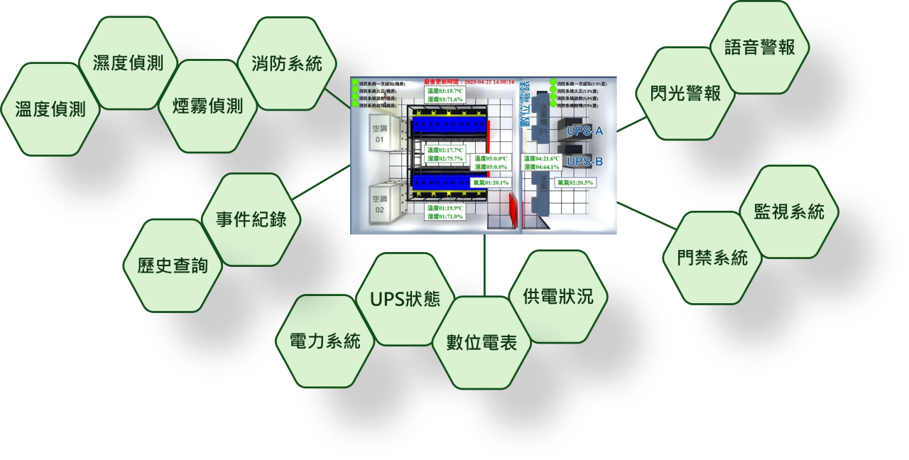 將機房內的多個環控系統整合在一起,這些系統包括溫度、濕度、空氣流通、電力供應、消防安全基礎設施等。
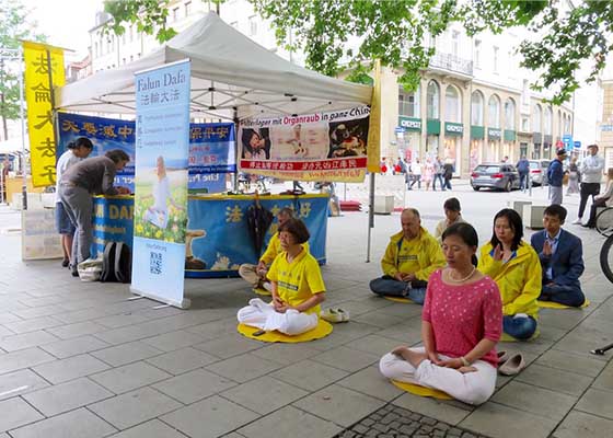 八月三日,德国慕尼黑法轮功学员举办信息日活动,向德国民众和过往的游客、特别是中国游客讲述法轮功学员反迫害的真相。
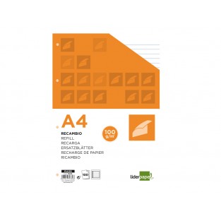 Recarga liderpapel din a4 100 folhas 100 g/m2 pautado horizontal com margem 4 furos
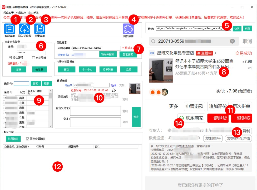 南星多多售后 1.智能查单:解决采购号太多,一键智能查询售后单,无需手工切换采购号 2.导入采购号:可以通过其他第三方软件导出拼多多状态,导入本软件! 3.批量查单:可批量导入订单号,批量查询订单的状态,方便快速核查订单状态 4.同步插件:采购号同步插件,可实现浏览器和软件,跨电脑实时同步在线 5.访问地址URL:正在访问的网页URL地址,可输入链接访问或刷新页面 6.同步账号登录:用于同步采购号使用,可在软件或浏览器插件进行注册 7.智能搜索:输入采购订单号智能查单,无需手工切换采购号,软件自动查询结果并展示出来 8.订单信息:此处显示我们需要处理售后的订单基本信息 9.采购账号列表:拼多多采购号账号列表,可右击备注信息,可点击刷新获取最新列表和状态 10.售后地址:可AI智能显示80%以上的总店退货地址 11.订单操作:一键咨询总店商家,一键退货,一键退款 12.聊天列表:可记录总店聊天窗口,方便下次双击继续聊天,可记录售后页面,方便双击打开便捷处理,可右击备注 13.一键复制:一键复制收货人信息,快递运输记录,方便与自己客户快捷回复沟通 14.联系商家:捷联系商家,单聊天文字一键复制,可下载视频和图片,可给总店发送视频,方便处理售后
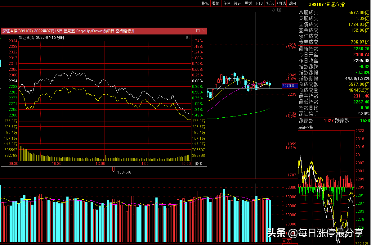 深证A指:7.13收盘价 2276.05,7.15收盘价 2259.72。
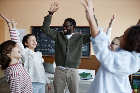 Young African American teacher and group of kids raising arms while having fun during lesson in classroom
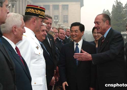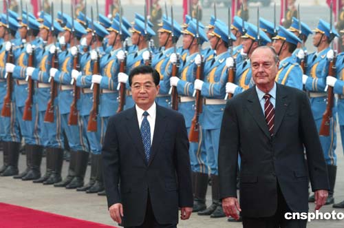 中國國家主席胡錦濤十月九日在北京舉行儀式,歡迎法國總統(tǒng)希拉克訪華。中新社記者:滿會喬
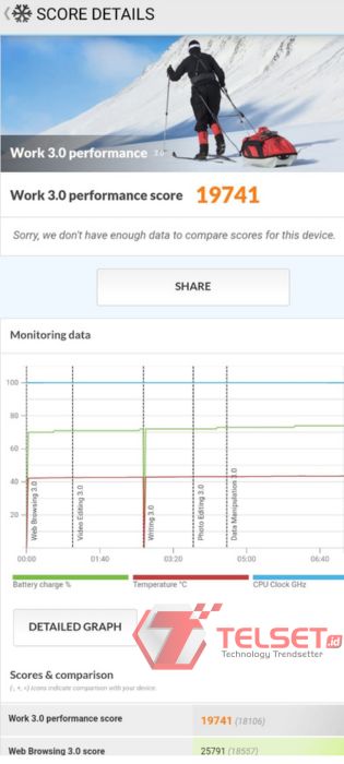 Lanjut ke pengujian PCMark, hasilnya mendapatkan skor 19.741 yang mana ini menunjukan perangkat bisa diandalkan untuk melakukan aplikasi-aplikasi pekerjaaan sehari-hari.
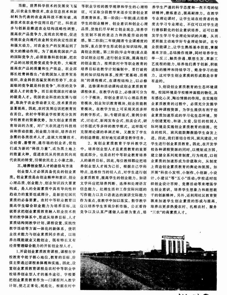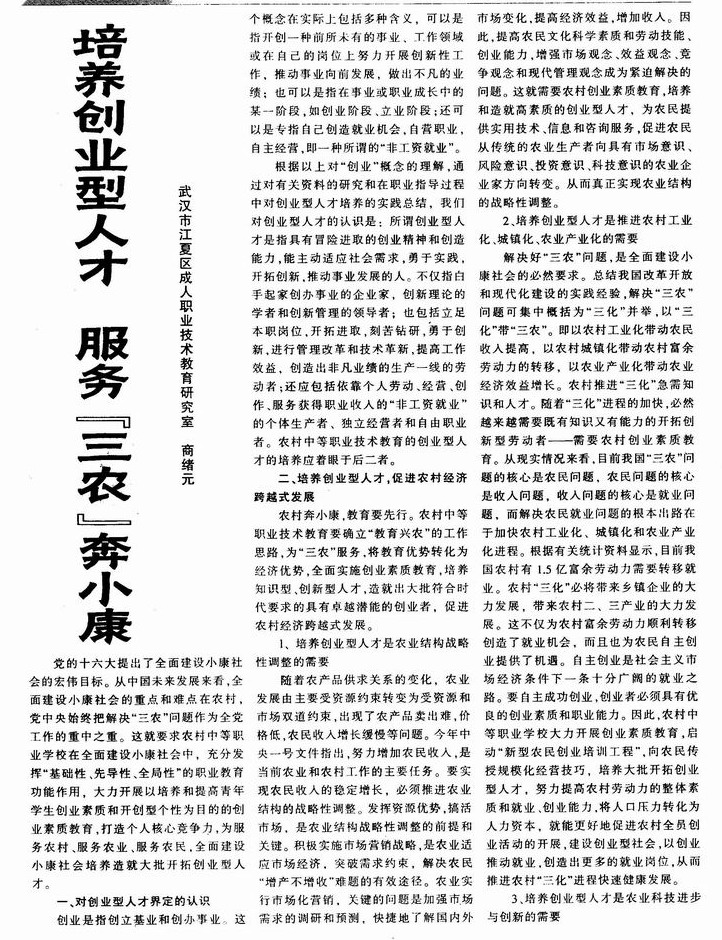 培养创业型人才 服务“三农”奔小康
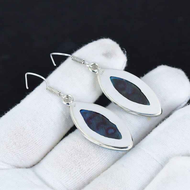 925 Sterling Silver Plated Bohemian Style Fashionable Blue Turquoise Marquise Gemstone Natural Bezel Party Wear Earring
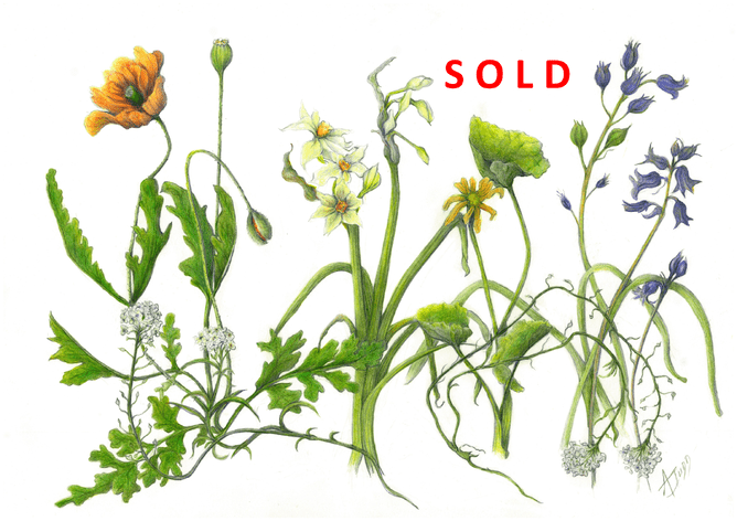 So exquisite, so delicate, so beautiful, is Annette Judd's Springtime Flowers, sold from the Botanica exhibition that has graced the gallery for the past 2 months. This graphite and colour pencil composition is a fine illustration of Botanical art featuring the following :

....

## ASSIGNMENT
Leave the images out as you retype each line of the material exactly.

## SOLUTION FOR THIS PROBLEM
 將機房內的多個環控系統整合在一起,這些系統包括溫度、濕度、空氣流通、電力供應、消防安全基礎設施等。
 八月三日,德国慕尼黑法轮功学员举办信息日活动,向德国民众和过往的游客、特别是中国游客讲述法轮功学员反迫害的真相。
 Recarga liderpapel din a4 100 folhas 100 g/m2 pautado horizontal com margem 4 furos
 南星多多售后 1.智能查单:解决采购号太多,一键智能查询售后单,无需手工切换采购号 2.导入采购号:可以通过其他第三方软件导出拼多多状态,导入本软件! 3.批量查单:可批量导入订单号,批量查询订单的状态,方便快速核查订单状态 4.同步插件:采购号同步插件,可实现浏览器和软件,跨电脑实时同步在线 5.访问地址URL:正在访问的网页URL地址,可输入链接访问或刷新页面 6.同步账号登录:用于同步采购号使用,可在软件或浏览器插件进行注册 7.智能搜索:输入采购订单号智能查单,无需手工切换采购号,软件自动查询结果并展示出来 8.订单信息:此处显示我们需要处理售后的订单基本信息 9.采购账号列表:拼多多采购号账号列表,可右击备注信息,可点击刷新获取最新列表和状态 10.售后地址:可AI智能显示80%以上的总店退货地址 11.订单操作:一键咨询总店商家,一键退货,一键退款 12.聊天列表:可记录总店聊天窗口,方便下次双击继续聊天,可记录售后页面,方便双击打开便捷处理,可右击备注 13.一键复制:一键复制收货人信息,快递运输记录,方便与自己客户快捷回复沟通 14.联系商家:捷联系商家,单聊天文字一键复制,可下载视频和图片,可给总店发送视频,方便处理售后
 深证A指:7.13收盘价 2276.05,7.15收盘价 2259.72。
 Young African American teacher and group of kids raising arms while having fun during lesson in classroom
 中國國家主席胡錦濤十月九日在北京舉行儀式,歡迎法國總統(tǒng)希拉克訪華。中新社記者:滿會喬
 Lanjut ke pengujian PCMark, hasilnya mendapatkan skor 19.741 yang mana ini menunjukan perangkat bisa diandalkan untuk melakukan aplikasi-aplikasi pekerjaaan sehari-hari.
 培养创业型人才 服务“三农”奔小康
 925 Sterling Silver Plated Bohemian Style Fashionable Blue Turquoise Marquise Gemstone Natural Bezel Party Wear Earring
 So exquisite, so delicate, so beautiful, is Annette Judd's Springtime Flowers, sold from the Botanica exhibition that has graced the gallery for the past 2 months. This graphite and colour pencil composition is a fine illustration of Botanical art featuring the following :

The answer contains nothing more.